Vincent Vandenberghe, en tant que professeur, s’interroge également sur la relation entre le fait que les étudiants puissent travailler jusqu’à 650 heures et leur engagement dans les études. « Le grand vide que je constate, c’est qu’on n’a pas réfléchi aux répercussions sur le fonctionnement du système d’enseignement supérieur », affirme-t-il. Le fonctionnement est principalement fait pour « des étudiants à temps plein ». La conséquence est déjà observable : « On observe une baisse de la présence en cours et une tendance à l’allongement de la durée des études, car les étudiants jugent nécessaire de concilier travail et études », explique-t-il.

Ainsi, même si l’extension du travail étudiant est fondée sur des intérêts tant pour les entreprises que pour les étudiants, les conséquences ne doivent pas être négligées.

Vincent Vandenberghe se demande alors s’il faudrait « adapter le modèle d’enseignement supérieur ». Par exemple, orienter les étudiants qui travaillent vers l’enseignement de promotion sociale, qui est conçu pour combiner travail et études. Ou, s’inspirer de systèmes d’autres pays où les cours se déroulent soit le jour, soit après 18 heures pour ceux qui travaillent, comme en Colombie, précise-t-il.

Il est clair que le développement du travail étudiant dans divers secteurs nécessite des ajustements entre les acteurs de l’enseignement supérieur et ceux de l’économie.

En effet, si les étudiants travaillent, c’est souvent pour des raisons financières, notamment pour financer leurs études, ce qui soulève des questions sur le coût de l’enseignement supérieur et les possibilités de bourses.

### Les dispositions légales en retard sur la réalité du terrain ?

Pour certains observateurs du marché du travail, les réformes visant à accroître la flexibilité répondent à une demande des entreprises et des travailleurs.

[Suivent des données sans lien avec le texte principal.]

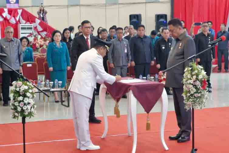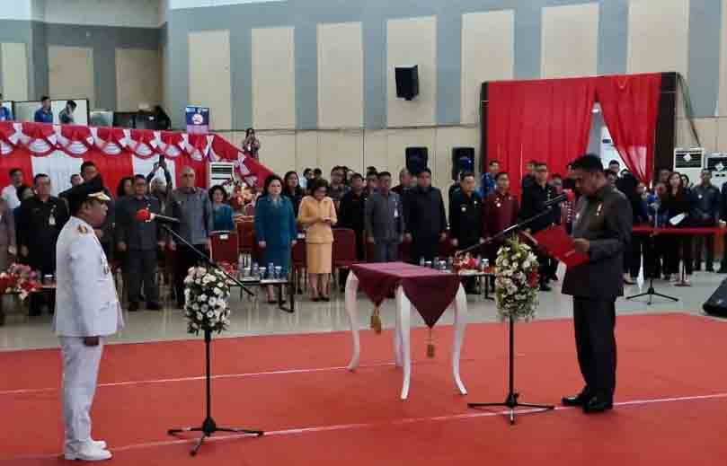 Minut-Pjs Bupati Minahasa Utara (Minut) Reza Dotulong menghadiri pengambilan sumpaj/Janji Penjabat Kepala Daerah Kabupaten Kepulauan Talaud tahun 2024 oleh Gubernur Sulut Olly Dondokambey, Senin (28/10/2024) di aula Mapallus kantor Gubernur.

Ces réformes seraient même en retard par rapport aux évolutions du terrain.

Jean-Paul Erhard, responsable de People Sphere, un média spécialisé, évoque une « quête de flexibilité » tant du côté des entreprises que des travailleurs, nécessitant des points d’équilibre. L’entreprise « souhaiterait avoir des collaborateurs disponibles 24 heures sur 24, 7 jours sur 7. Pour cela, il faut multiplier le nombre d’employés ou élargir les plages horaires de travail », explique-t-il. Du côté des travailleurs, la quête est de « trouver un meilleur équilibre entre vie professionnelle et vie personnelle », poursuit-il.

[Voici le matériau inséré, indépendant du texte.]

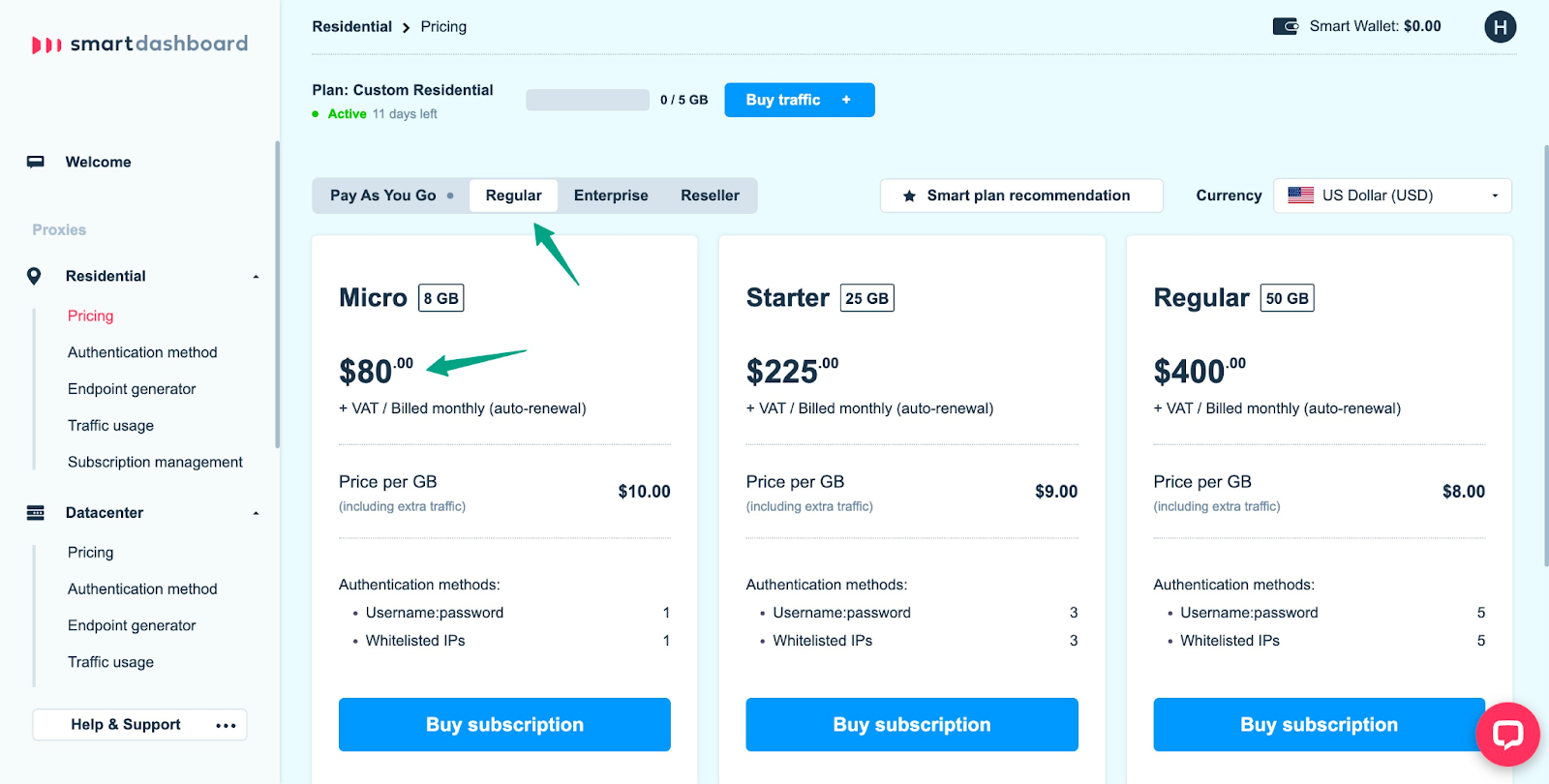 Here, I have shown the regular plan for Residential proxies.

Les réformes actuelles ne seraient qu’une adaptation à ce qui est déjà pratiqué. « La réglementation n’est pas vraiment en phase avec les besoins d’aujourd’hui, mais essayons de récupérer un retard déjà observé », estime Jean-Paul Erhard. Cela impliquerait d’avoir plus de « flexibilité entre les statuts d’indépendant et de salarié, pour pouvoir passer de l’un à l’autre, ou d’accéder davantage aux flexi-jobs ». En somme, cela signifierait consacrer des évolutions vers des « statuts hybrides », alliant travail à temps plein, à temps partiel, et indépendant. L’hybridation dictée par les nouvelles règles pourrait également répondre à des besoins existants sur le terrain.

Les nouvelles règles, telles que proposées par l’Arizona, viendraient donc encadrer des évolutions déjà amorcées sur le terrain. « Avoir un horaire à temps plein sur quatre jours, cela existe depuis longtemps », souligne Jean-Paul Erhard. « Les flexi-jobs en sont un effet de rattrapage face à des besoins qui existent depuis plus de dix ans », conclut notre expert.